# Reptile Palooza September 8



## Buddysfrogs (Mar 29, 2012)

Is anyone going to the Reptile Palooza show in PA on September 8th? Also known as the Pocono Mountain Reptile Expo? I know we here at Dales Bearded Dragons will be. Like always we will have a full range of supplies.
Buddy

Sent from my DROID BIONIC using Tapatalk 2


----------



## radiata (Jul 24, 2010)

Buddy,

I may be more interested when they post a Vendor's List on their website. 

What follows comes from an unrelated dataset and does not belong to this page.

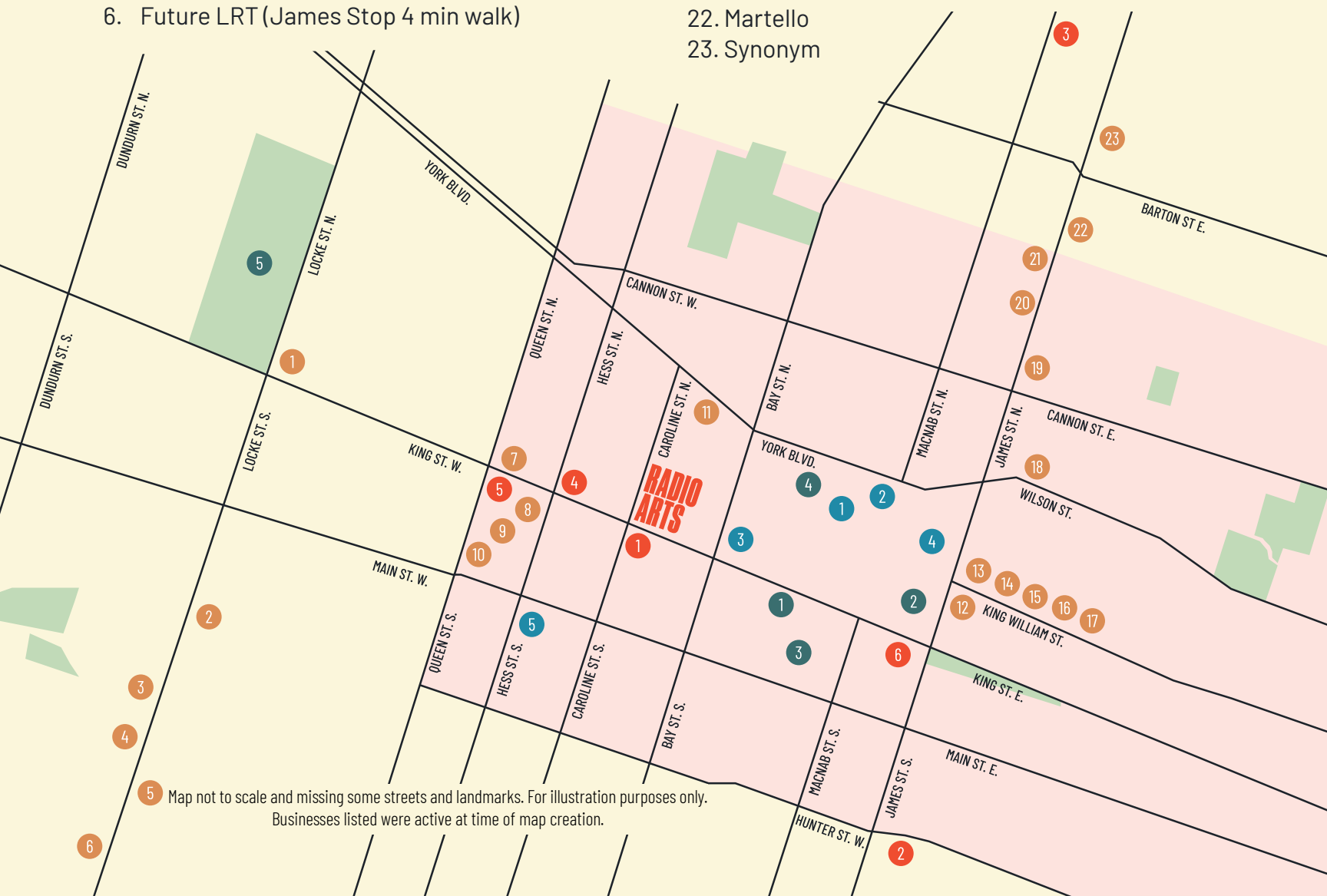
Map not to scale and missing some streets and landmarks. For illustration purposes only. Businesses listed were active at time of map creation.

Anyone have any rumors on who else will be vending there? The list of frog vendors may be short as there's a White Plains Show the following day.

Regards,
Bob


----------



## Buddysfrogs (Mar 29, 2012)

I know we will have supplies at both shows. I will also have some vivs for sale.
Working on getting the vendor list.
Buddy

Sent from my DROID BIONIC using Tapatalk 2


----------



## Buddysfrogs (Mar 29, 2012)

Heaths frog farm and frogs n things might do the show. Joshs might be there also. There is a controversy over it though.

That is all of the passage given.